▶ [Task directions] Beneath this line is the data. Output exactly the lines from the line with "A mesmerizing portrait" to the line with "拼版照片的上左圖:在江西省修", both ends included, and nothing more.

▶ [Extracted records]

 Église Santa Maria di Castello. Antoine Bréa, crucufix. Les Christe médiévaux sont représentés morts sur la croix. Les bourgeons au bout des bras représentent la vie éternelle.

==

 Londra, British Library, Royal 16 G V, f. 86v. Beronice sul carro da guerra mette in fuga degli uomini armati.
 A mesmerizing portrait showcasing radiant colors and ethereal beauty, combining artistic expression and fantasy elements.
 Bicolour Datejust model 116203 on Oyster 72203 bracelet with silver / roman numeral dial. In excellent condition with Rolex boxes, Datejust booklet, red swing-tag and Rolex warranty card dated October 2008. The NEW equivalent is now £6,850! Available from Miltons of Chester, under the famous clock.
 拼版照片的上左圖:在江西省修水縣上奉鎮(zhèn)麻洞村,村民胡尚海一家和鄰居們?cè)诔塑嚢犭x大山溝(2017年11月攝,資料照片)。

==

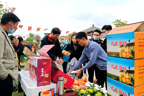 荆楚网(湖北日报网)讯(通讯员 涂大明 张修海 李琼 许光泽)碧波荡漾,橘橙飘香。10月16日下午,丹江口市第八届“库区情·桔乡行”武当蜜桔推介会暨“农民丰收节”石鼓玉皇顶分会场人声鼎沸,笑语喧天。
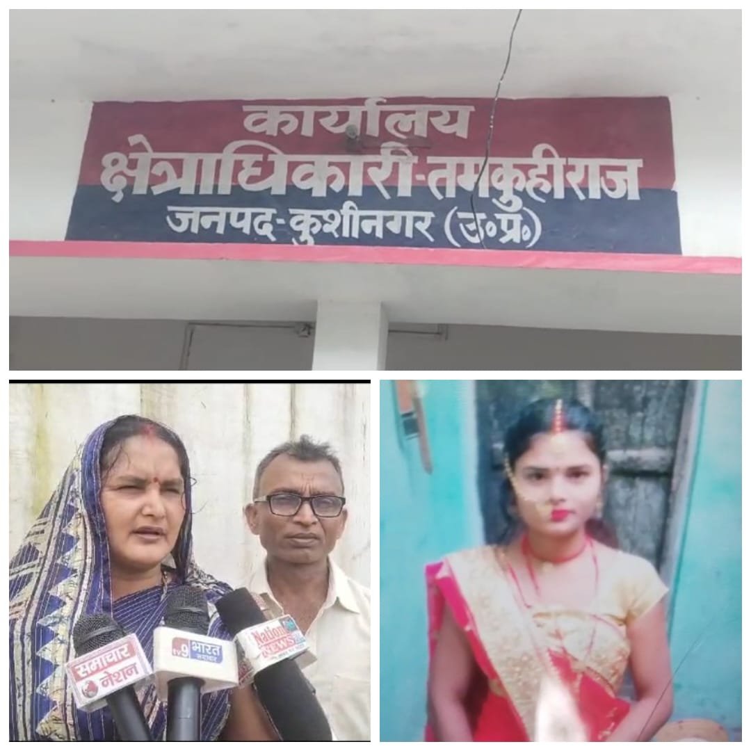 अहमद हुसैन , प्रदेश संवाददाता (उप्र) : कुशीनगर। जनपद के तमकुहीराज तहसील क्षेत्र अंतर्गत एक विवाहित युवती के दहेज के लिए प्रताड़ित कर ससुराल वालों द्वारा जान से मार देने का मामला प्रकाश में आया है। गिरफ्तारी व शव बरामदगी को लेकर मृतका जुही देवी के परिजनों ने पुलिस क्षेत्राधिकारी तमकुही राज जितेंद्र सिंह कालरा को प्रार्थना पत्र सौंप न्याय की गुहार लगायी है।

▶ [Task result]
 A mesmerizing portrait showcasing radiant colors and ethereal beauty, combining artistic expression and fantasy elements.
 Bicolour Datejust model 116203 on Oyster 72203 bracelet with silver / roman numeral dial. In excellent condition with Rolex boxes, Datejust booklet, red swing-tag and Rolex warranty card dated October 2008. The NEW equivalent is now £6,850! Available from Miltons of Chester, under the famous clock.
 拼版照片的上左圖:在江西省修水縣上奉鎮(zhèn)麻洞村,村民胡尚海一家和鄰居們?cè)诔塑嚢犭x大山溝(2017年11月攝,資料照片)。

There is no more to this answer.